Activity ▸ Line by line, return the listing exactly, without any of the images.

Information supplied Start Marker

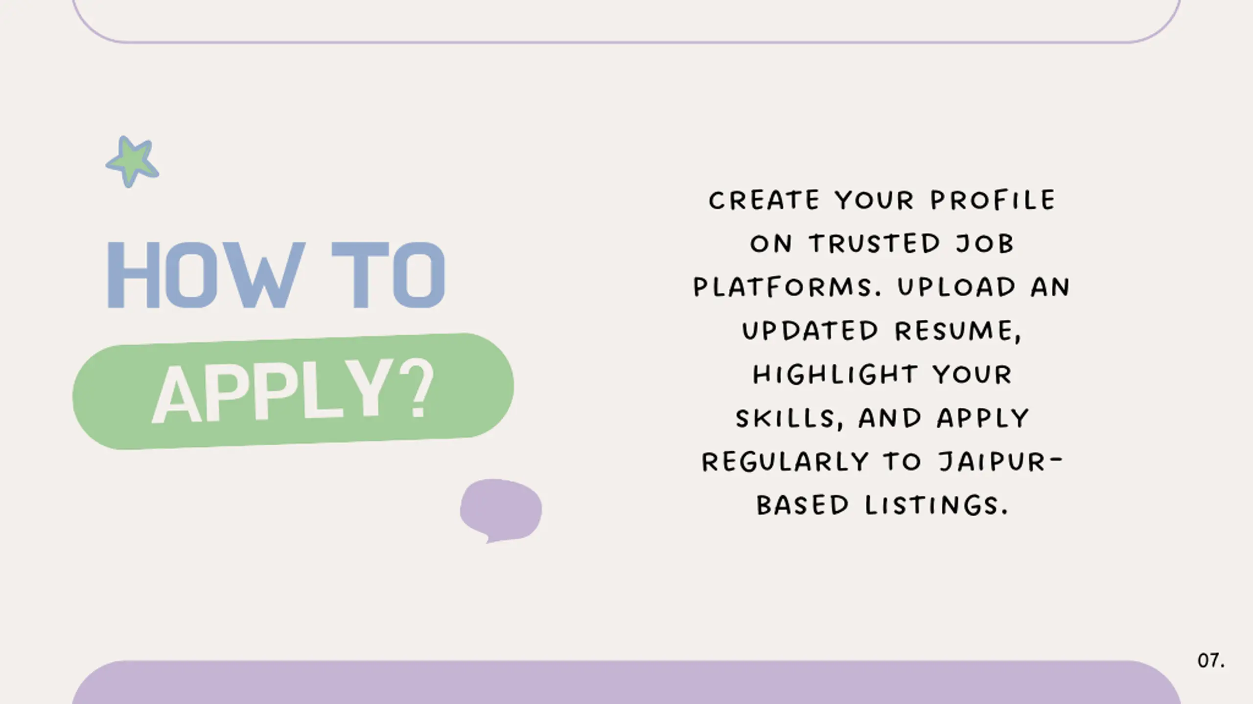 Create your profile on trusted job platforms. Upload an updated resume, highlight your skills, and apply regularly to Jaipur- based listings. HOWTO APPLY? 07.
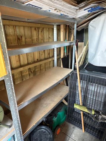 Robuuste stellingkast van 1.20 Meter lang. Gratis. Deze week ophalen. Zelf uit elkaar halen. Paar planken zijn krom maar kun je nog wel gebruiken
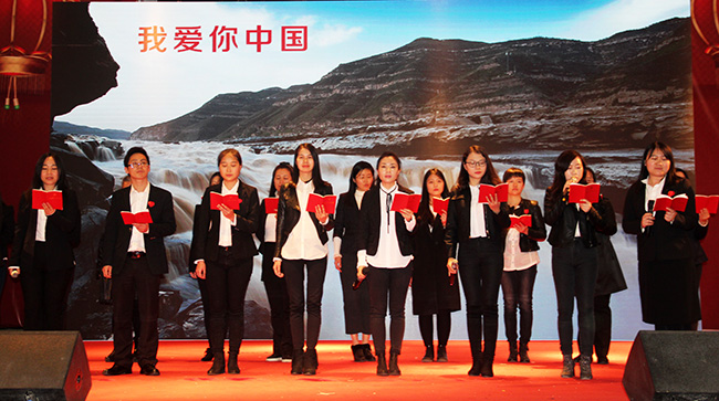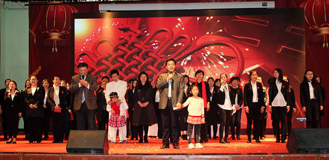 本次联欢会以工会小组为单位,文艺节目均为学院老师自编自导自演,形式多样,内容丰富。联欢会由第五工会小组(学工办、教学管理办公室)带来的歌舞《少年强,青年强,中国强》开场,四位小朋友通过深情的朗诵表达着青少年对祖国的热爱,然后各位老师身穿各朝代、各民族礼服走秀,展现出坚定执着的姿态和良好的精神风貌;接着是第四工会小组(继续教育中心)的多国语言诗朗诵《面朝大海,春暖花开》,各位老师分别用中文、英语、日语、韩语、西班牙语表达了对美好生活的向往和祝福;第二工会(研究与发展中心、国际商务系)的联唱《时代序曲》,用歌声带领大家回顾了新中国在一代代伟人的领导下,奔走在社会主义道路上,幸福的中国人对实现民族复兴中国梦的憧憬;第三工会小组(外语系)的《我的祖国》用诗歌和合唱传达着对祖国山河、悠久历史的热爱与赞美;大学城分部的合唱《绒花》,年轻老师们,自喻烛光与鲜花,他们用青春和芳华引领照亮学生进步的方向,其间穿插着师生、朋友之间相逢之喜、相惜之爱;第一工会(党政办)的《健康中国赢未来》用跑步、打羽毛球、踢毽球、跳绳等运动告诉大家健康的重要性,体育强,才能中国强。临近尾声,进入了联欢会的抽奖环节,随着48位幸运奖券的抽取和公布,不断掀起晚会的高潮。联欢会最后在学院领导和老师们的大合唱《大中国》中圆满结束。
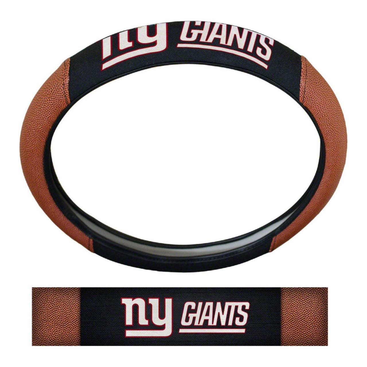 Grip Steering Wheel Cover with New York Giants Logo; Tan and Black (Universal; Some Adaptation May Be Required)
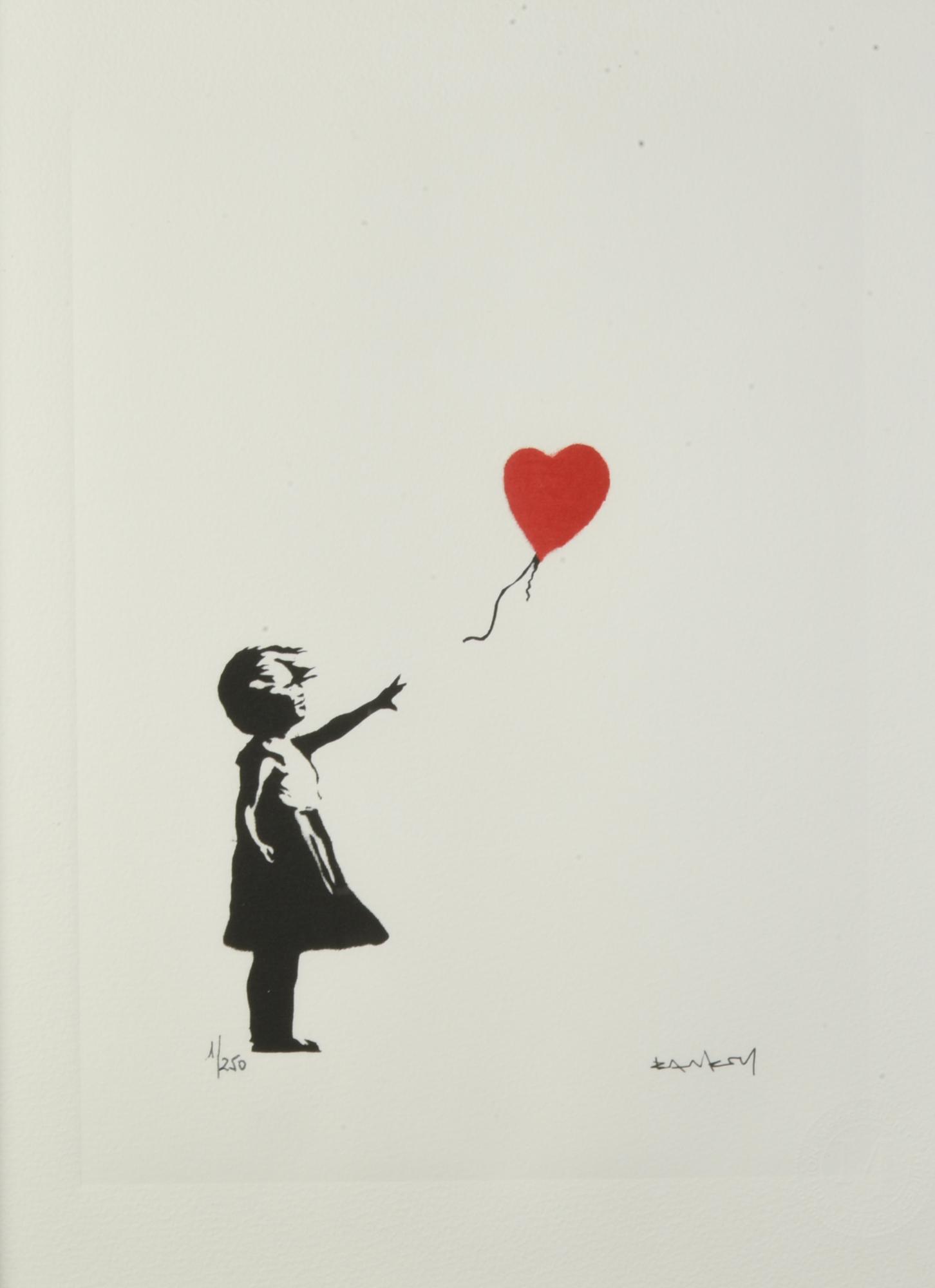 Da Banksy GIRL WITH RED BALLOON eliografia su carta Arches, cm 38x28; es....

Information supplied End Marker

Answer space ▸
 Create your profile on trusted job platforms. Upload an updated resume, highlight your skills, and apply regularly to Jaipur- based listings. HOWTO APPLY? 07.
 Robuuste stellingkast van 1.20 Meter lang. Gratis. Deze week ophalen. Zelf uit elkaar halen. Paar planken zijn krom maar kun je nog wel gebruiken
 本次联欢会以工会小组为单位,文艺节目均为学院老师自编自导自演,形式多样,内容丰富。联欢会由第五工会小组(学工办、教学管理办公室)带来的歌舞《少年强,青年强,中国强》开场,四位小朋友通过深情的朗诵表达着青少年对祖国的热爱,然后各位老师身穿各朝代、各民族礼服走秀,展现出坚定执着的姿态和良好的精神风貌;接着是第四工会小组(继续教育中心)的多国语言诗朗诵《面朝大海,春暖花开》,各位老师分别用中文、英语、日语、韩语、西班牙语表达了对美好生活的向往和祝福;第二工会(研究与发展中心、国际商务系)的联唱《时代序曲》,用歌声带领大家回顾了新中国在一代代伟人的领导下,奔走在社会主义道路上,幸福的中国人对实现民族复兴中国梦的憧憬;第三工会小组(外语系)的《我的祖国》用诗歌和合唱传达着对祖国山河、悠久历史的热爱与赞美;大学城分部的合唱《绒花》,年轻老师们,自喻烛光与鲜花,他们用青春和芳华引领照亮学生进步的方向,其间穿插着师生、朋友之间相逢之喜、相惜之爱;第一工会(党政办)的《健康中国赢未来》用跑步、打羽毛球、踢毽球、跳绳等运动告诉大家健康的重要性,体育强,才能中国强。临近尾声,进入了联欢会的抽奖环节,随着48位幸运奖券的抽取和公布,不断掀起晚会的高潮。联欢会最后在学院领导和老师们的大合唱《大中国》中圆满结束。
 Grip Steering Wheel Cover with New York Giants Logo; Tan and Black (Universal; Some Adaptation May Be Required)
 Da Banksy GIRL WITH RED BALLOON eliografia su carta Arches, cm 38x28; es....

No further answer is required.